Wednesday was a schizophrenic day for William Ackman’s Pershing Square Capital Management. First, the activist hedge fund manager suffered a setback when shares of Fannie Mae plunged more than 12 percent and Freddie Mac plummeted nearly 17 percent following a published report that indicated Congress is moving to shut down the two mortgage companies. The New York–based hedge fund, which was up more than 12 percent through February in large part thanks to these two stocks, has suffered nearly a 40 percent loss on each of the two investments in the past two days alone. But midway through the day, trading in the shares of Herbalife, in which he famously (or infamously) has a major short position, were halted following Herbalife’s announcement that the Federal Trade Commission launched an investigation of the company.

In response, Herbalife issued the following statement: “Herbalife welcomes the inquiry given the tremendous amount of misinformation in the marketplace and will cooperate fully with the FTC. We are confident that Herbalife is in compliance with all applicable laws and regulations. Herbalife is a financially strong and successful company, having created meaningful value for shareholders, significant opportunities for distributors and positively impacted the lives and health of its consumers for over 34 years.”

The FTC probe came one day after Ackman made a presentation outlining why the multi-level marketer of nutrition supplements is breaking Chinese law. Shares of Herbalife fell more than 7 percent on Wednesday and are now down 23 percent for the year.

Shares of General Motors are also rocking the hedge fund world, dropping for the third straight day following reports that it is recalling several car models after covering up defects over several years that led to 12 deaths. The stock is now off more than 7 percent in three days. This is a big deal given that at year-end, 75 hedge funds counted GM’s stock among their top ten holdings, more than any other stock, according to Goldman Sachs.

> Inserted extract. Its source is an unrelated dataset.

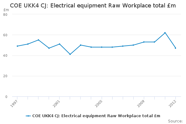 Download this time seriesCOE UKK4 CJ: Electrical equipment Raw Workplace total £m

Kang Gao, a former analyst at Two Sigma Investments, was indicted for allegedly stealing confidential data from the $18 billion, quantitatively focused hedge fund firm, according to Bloomberg BusinessWeek. Gao, who pleaded not guilty at his arraignment, is the latest of a string of former employees of hedge funds and other financial firms charged by District Attorney Cyrus Vance Jr.’s office for stealing their firm’s software. Last year three employees of Netherlands-based Flow Traders were charged with allegedly stealing its electronic trading software. Several years ago, Sergey Aleynikov, a former programmer at Goldman Sachs, was actually convicted of charges that he stole software code from his former employer. An appeals court subsequently overturned his conviction. However, six months later he was once again charged with the same misconduct.

Paul Singer’s New York–based Elliott Associates boosted its stake in Juniper Networks by 5.5 million shares, to 7.4 percent of the total outstanding. In a regulatory filing, Elliott said it “remains in active dialogue” with Juniper and believes its stock is “significantly undervalued.”

Barry Rosenstein’s Jana Partners disclosed it sold two million shares of activist investment Outerwall for $68 apiece on March 6, reducing its stake to 8.4 percent. In a regulatory filing, Jana said it is “highly supportive of the recent steps” taken by the company’s board and management, including the “improved focus on capital allocation and managing costs and its enhanced commitment to returning capital to shareholders.”

Steve Cohen’s SAC Capital Advisors, which recently converted to a family office and will soon change its name to Point72 Asset Management, disclosed a 5.6 percent passive stake in Momenta Pharmaceuticals, which describes itself as being involved in “complex pharmaceutical products.”